69. The Board welcomes the data published by the Council and General Board on the implementation of the Single Spine31 and notes that it is subject to change once all appeals and reviews have been considered. The Board has attempted to analyse the results of implementation in greater depth. It felt that it was particularly important to determine whether the exercise has resulted in a fair and uniform system across the many institutions within the University. The use of a common grading and matching methodology was designed to achieve this, but it is inevitable that some matching panels might produce different outcomes from the same input PD33. It was this variation that moderation was designed to address. For this reason the Board requested the Personnel Division to provide data on the effects of moderation. The Personnel Division has taken the position that it will only provide this information when the entire process is fully completed. However, the information sought by the Board concerned the effects of an intermediate stage which was complete for almost all staff (>99%) at the time of its request. The Board regrets that it was unable to obtain these data in order to make timely conclusions.
70. The Board also wished to reassure itself that the outcome had not selectively advantaged or disadvantaged any particular group of staff relative to others. For this reason, the Board also requested the Personnel Division to provide the number of red-circled and green-circled staff broken down by role and grade; unfortunately it has been told that these data also cannot be provided until final completion. The Board believes that it is vital that these data are made available in as much detail as practicable so that all staff can clearly see the outcome of the process; while it acknowledges that producing the data requires some effort, the Board notes that it was considered possible to provide the number of red and green-circled posts broken down by School in the Notice published on 2 May 2007. It is extremely regrettable that the alternative analysis was not produced or published with the rest of the implementation details.

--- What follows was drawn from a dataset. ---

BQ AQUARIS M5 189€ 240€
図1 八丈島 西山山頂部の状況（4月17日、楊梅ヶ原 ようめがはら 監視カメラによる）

71. During the consideration of the Second Report on the implementation of the new pay and grading system, the Board pressed for more transparency in the resulting new pay system. The original proposal would have had the effect of substantially reducing the information available to staff about the base pay for offices and grades throughout the University, in particular for senior staff. In response to amendments proposed by members of Regent House to some of the Graces designed to approve the new system, the Council proposed amendments to Graces 7 and 9 of 27 July 2005.32 The Council's amendments contained specific statements of the information that the University will publish on the distribution of staff on the new pay spine (broken down by School, staff category, grade and gender) as well as on additional payments including market supplements. These amendments were approved in the subsequent ballot. The Board welcomes the information published in the Council's Notice of 23 April 2007 and looks forward to the publication of the detailed data referred to above as soon as possible. Inevitably such data will be a snapshot and it is for this reason that it should be repeated annually. The Board does not therefore believe that it is necessary to wait until the last appeal has been held before the first such Notice is produced. The Board recommends that the University publish detailed statistical information on staff pay, including all the information promised in the amended Graces of 27 July 2005, as soon as possible and annually thereafter.

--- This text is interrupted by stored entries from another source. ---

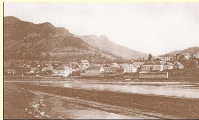
Pohled na Sebusín směrem od Zálezle byl pořízen kolem roku 1900.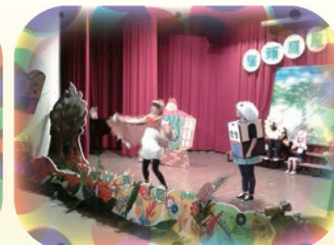
透過精彩的展演和團員們的精彩表現，體驗到每一個人存在的價值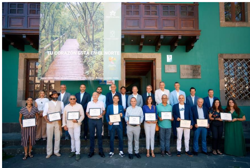
Imagen: Acto de entrega de los diplomas de reconocimiento turístico del Norte de Gran Canaria

Firgas, una iniciativa con la que buscan facilitar la inserción de la mujer rural en el mundo laboral y Bodegas Bentayga-Vinos Agala de Tejeda una actividad enoturística, que se han convertido en referentes en la isla.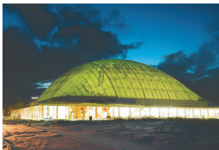
夜景：膜屋根からの透過光で形状を浮かき上らせている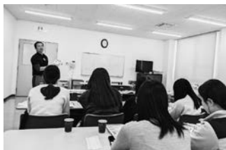
各組織の紹介をして、協同組合の魅力をPR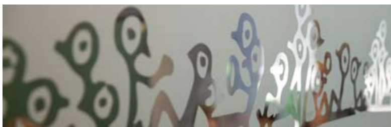
9 y 10 Los vinilos de colores sirven para dotar de calidez a los espacios y, al mismo tiempo, como señalizadores.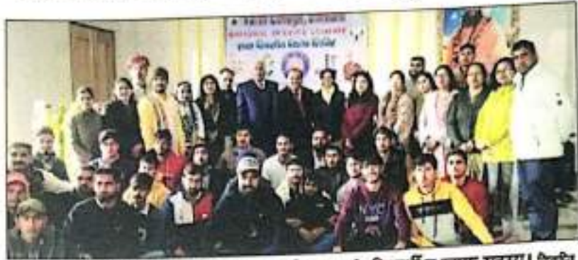
बाबा जहंगीरी आश्रम में उपस्थित वैश्य महाविद्यालय के विद्यार्थी व स्टाफ सदस्य।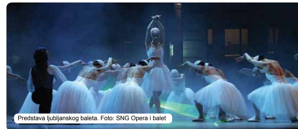
Predstava ljubljanskog baleta.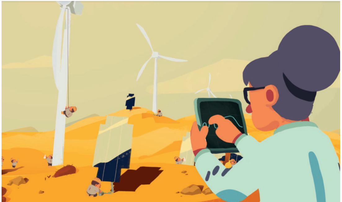
Govat filmmas «Mii lea guoddevaš ovdáneapmi?», Animaskin ráhkadan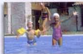
"...aan de behoeften van kinderen wordt extra aandacht geschonken..."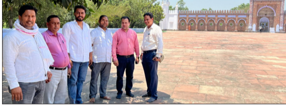
ईदगाह का निरीक्षण करते अधिशासी अधिकारी एवं सभासद।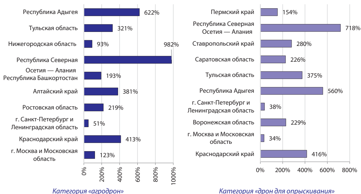
Рис. 3. Региональная популярность поисковых запросов потребителей по категориям «агродрон» и «дрон для опрыскивания» в регионах Российской Федерации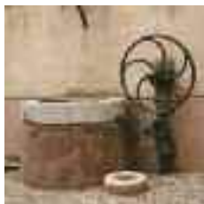
La manxa del carrer de Can Pintat és de planta circular i disposa d'una roda de ferro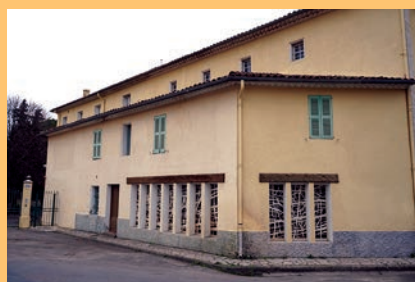
Extérieur de la chapelle avec ses vitraux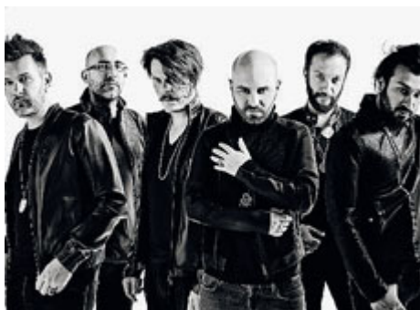
I Negramaro sabato in concerto al Parco Sempione di Milano.

Per il 15° compleanno di Samsung Italia la band salentina ha regalato un live gratuito ai milanesi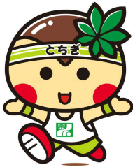
-目と口の位置の変更-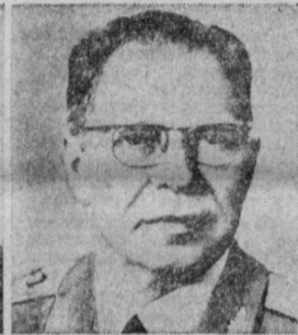
Д. Ф. УСТИНОВ. Министр обороны СССР.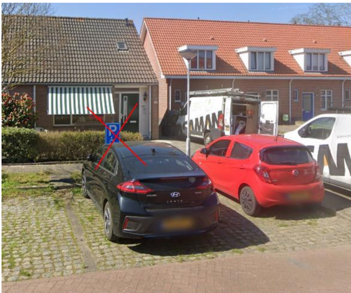
Afbeeldingen in verkeersbesluit behorende bij zaaknummer 1697763 d.d. 22-04-2026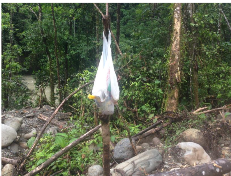
Basura dejada por mineros ilegales.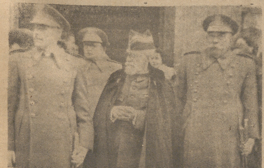
El ministro del Ejército, general Asensio con el general gobernador militar de Madrid en la visita que hicieron al teniente general más antiguo del Ejército, don Enrique Barreto del Rto.

Además, no conviene olvidar que las (Continúa en 4.ª página)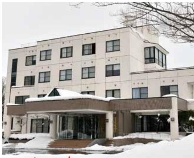
法輪閣（富山縣射水市）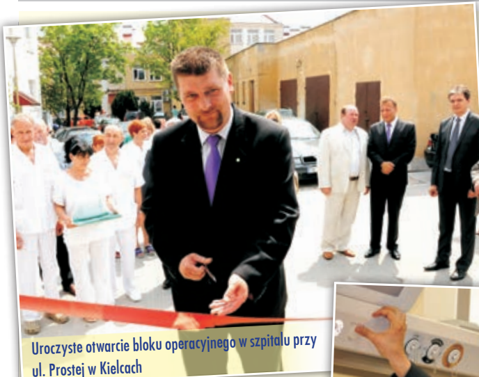
Uroczyste otwarcie bloku operacyjnego w szpitalu przy ul. Prostej w Kielcach

W latach 2004-2014 województwo świętokrzyskie otrzymało 12 miliardów 225 milionów złotych unijnych środków z przeznaczeniem na rozwój regionu. Pieniądże wykorzystano na różne cele, np. budowę szpitali, szkół, przedszkoli, uczelni wyższych, na modernizację rolnictwa i rozwój regionalnej gospodarki poprzez inwestycje w przedsiębiorstwach i wspieranie zakładania własnych firm. Przede wszystkim jednak na budowę infrastruktury dróg i mostów oraz wodociągów i kanalizacji. Budowa i rozwój infrastruktury drogowej były jednymi z głównych zadań, jakie Polska musiała zrealizować po dołączeniu do Unii Europejskiej. Właśnie to miało pozwolić nam dogonić Europę oraz usprawnić polską gospodarkę. Przedsiębiorstwa chętniej inwestują czy lokują swoje siedziby tam, gdzie mogą liczyć na dobrą infrastrukturę oraz logistykę. Wygodne, szybkie drogi służą także rozwojowi turystyki.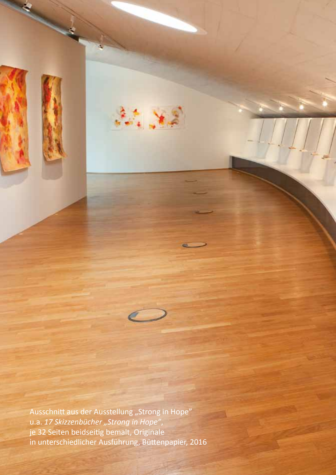
Ausschnitt aus der Ausstellung „Strong in Hope“ u.a. 17 Skizzenbücher „Strong in Hope“, je 32 Seiten beidseitig bemalt, Originale in unterschiedlicher Ausführung, Büttenpapier, 2016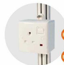
E-12 插座(不能用於照明用電) Single Phase Socket (for machine only) 1000W(220V)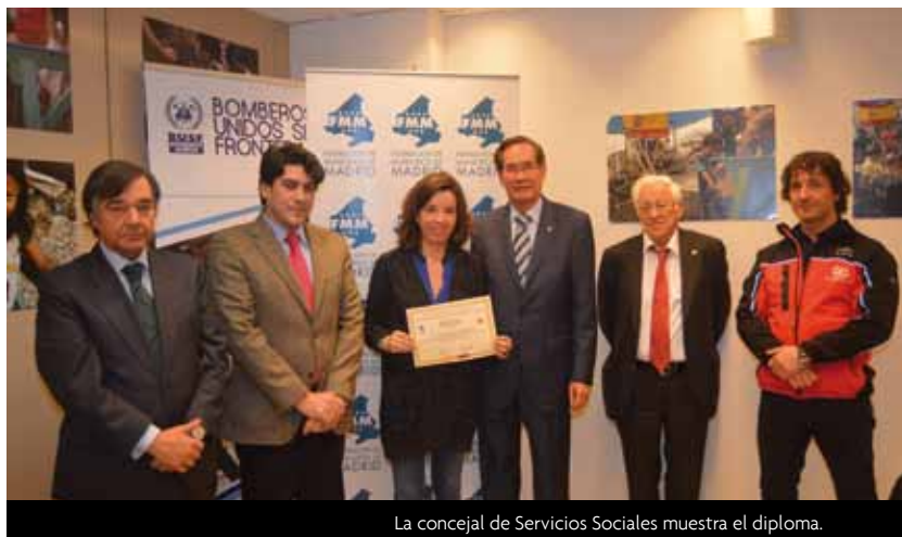
La concejal de Servicios Sociales muestra el diploma.

para poder ayudar en casos de emergencia humanitaria, se envió a la zona a través de Cruz Roja, una de las ONG's que han trabajado en la región afectada y cuyas actuaciones se han recogido en un reportaje fotográfico que se mostró durante el acto.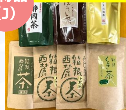
箱根西麓茶詰め合わせ

72. The Board's attention was drawn to the distress caused to University Teaching Officers ('UTOs') within the Faculty of Oriental Studies by the procedures adopted by the General Board's Full Review Committee and their Advisory Group. In particular, the lack of clear and proper information as to why the Review had been brought forward, and why it was a Full Review, generated a considerable amount of suspicion on the part of UTOs within the Faculty, a suspicion that increased over time. The reaction that ensued demonstrates the pressing need for greater transparency when reviews of Faculties are brought forward.33
73. The Board notes that the General Board's Notice on the restructuring of the Faculty of Oriental Studies acknowledges that further procedural errors occurred that need to be avoided in future.34 The Board welcomes this acknowledgement. In particular, it welcomes the General Board's acceptance that, in future, the relevant Faculty Board should have 'an opportunity to comment formally, via the Council of the School, on the proposed composition of a Review Committee' and on the Committee's terms of reference and timetable, and also that 'the institution under review will have the opportunity to decide, at the outset, what lines of communication with the Review Committee would best serve its particular circumstances'.35
74. The Board nevertheless notes three procedural issues highlighted by the experience of Oriental Studies that remain unaddressed in the General Board's Notice. First, it is clear that the composition of the Review Committee was mishandled at the level of the School. Since financial allocations to Departments or Faculties are made at School level, there can be a conflict of interest between the Department or Faculty under review and the other institutions within that School. Accordingly, Departments or Faculties facing review deserve a much stronger guarantee of fairness than a mere 'opportunity to comment formally' on the proposed composition of a Review Committee. Second, a key factor in ensuring transparency and equity is the presence and input of qualified external members. The Board notes the strong external representation on the initial Review Committee for Oriental Studies, but regrets that the externals were not involved in the Advisory Group, which subsequently emerged from the Review Committee to work on the implementation of the recommendations of the Review. When major change is being effected and/or when the implementation requires academic judgements to be made, good practice demands that externals be present throughout. Third, there is a lack of clarity as to the difference between a recommendation issued by a Review Committee to a Faculty, and a directive. It is instructive that one of the few recommendations that has not been enforced is the one that would have given Sanskrit a home in the Centre for South Asian Studies.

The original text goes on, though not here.